Weekly demos serve two purposes. First, they catch misalignment early. If the business owner looks at the output in Week 5 and says 'that is not what I meant,' you have three weeks to course-correct instead of discovering it in User Acceptance Testing. Second, they build momentum. An executive who has seen the system improve every week for five weeks is an executive who will fight for the project if budget gets tight.

Go/No-Go Gate 2: Model meets accuracy threshold on test data, integration with source systems is functional, and the business sponsor has signed off on the output format. If the model is underperforming, this is where you decide: retrain with more data, adjust the threshold, or narrow the scope to the use cases where it does perform.

Phase 3: Pilot (Weeks 9-11). Three weeks of running the system alongside the existing process. Not replacing it — running in parallel. The pilot group should be small: 5-10 users, one department, one workflow. You are testing three things: Does the accuracy hold with live data? Can the users actually work with the system? Are there edge cases the test data missed?

The pilot is also where you discover the operational requirements nobody thought of. The model needs retraining every two weeks because the input distribution shifts. The response time spikes during peak hours because the infrastructure was sized for average load. The compliance team needs an audit trail that the current logging does not capture. Every one of these discoveries is a gift — finding them in a 10-person pilot is manageable. Finding them after a 500-person rollout is a crisis.

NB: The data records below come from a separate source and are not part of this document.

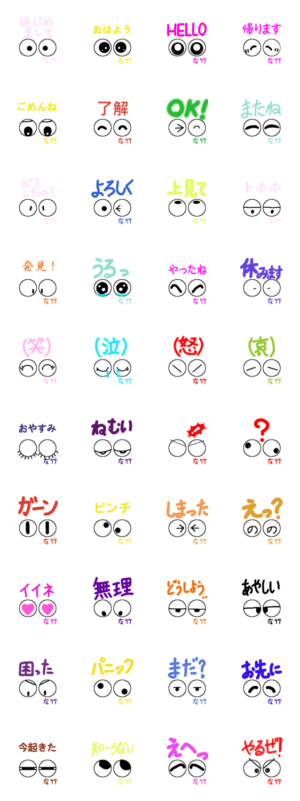 かわいい目玉の日常会話・あいさつ・気持ち 了解 はじめまして おはよう HELLO 帰ります ごめんね またね どうしたの? よろしく 上見て OK トホホ 今起きた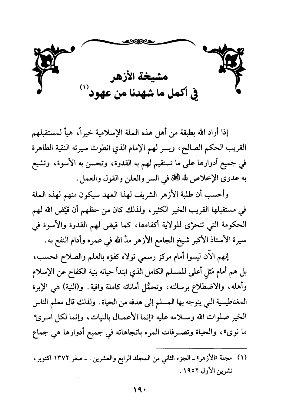 (¬1) مجلة "الأزهر" - الجزء الثاني من المجلد الرابع والعشرين.- صفر 1372 اكتوبر، تشرين الأول 1952.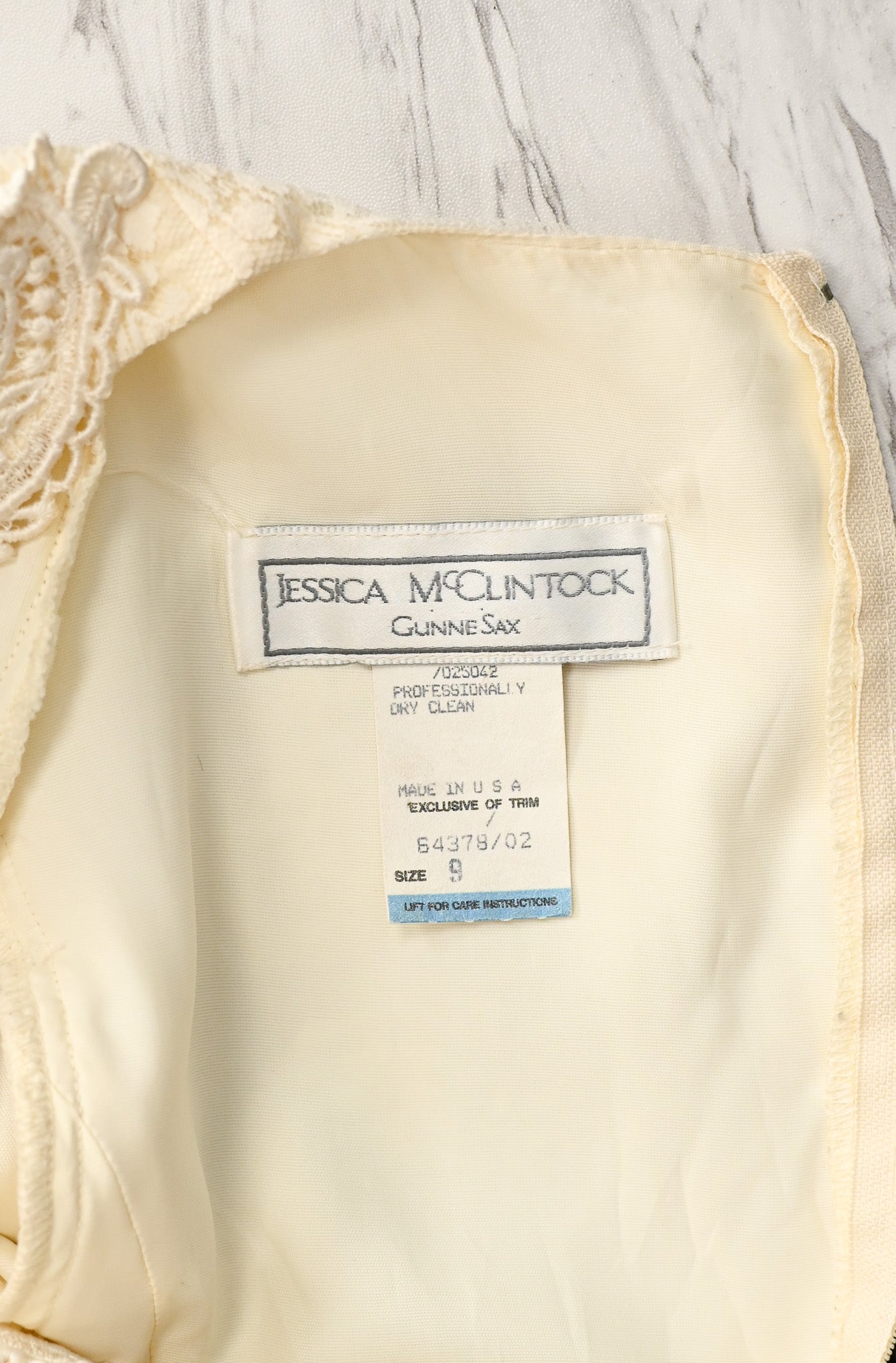 Vintage 90s Ivory Lace JESSICA MCCLINTOCK Gunne Sax Princess Cut Puff Sleeve Wedding Dress - 9

Go/No-Go Gate 3: Pilot accuracy meets the agreed threshold with live data, user feedback is positive enough to expand (not perfect — positive enough), and all operational requirements are identified and addressed. If the pilot fails, you have learned more in 11 weeks than most failed projects learn in a year.

Phase 4: Full Deployment (Weeks 12-13). Two weeks to roll out to the full user base. This phase is short by design. If the pilot was thorough, deployment is logistics — training sessions, access provisioning, documentation, and flipping the switch. The mistake teams make is treating deployment as another development phase. It is not. If you are still writing code in Week 12, your pilot was not thorough enough.

The Timeline Mistakes That Kill Projects

Mistake 1: No buffer between phases. Every phase transition needs at least 2-3 days of buffer. Not for slack — for the handoffs, documentation updates, and stakeholder sign-offs that happen between phases. A timeline with zero buffer looks efficient on paper and fails in practice.

Mistake 2: Parallel-pathing without dependency mapping. Running data prep and environment setup in parallel sounds smart until you realize the environment setup depends on knowing the data volume, which you only learn during the data audit. Parallel work is good. Parallel work without understanding dependencies is chaos with a Gantt chart.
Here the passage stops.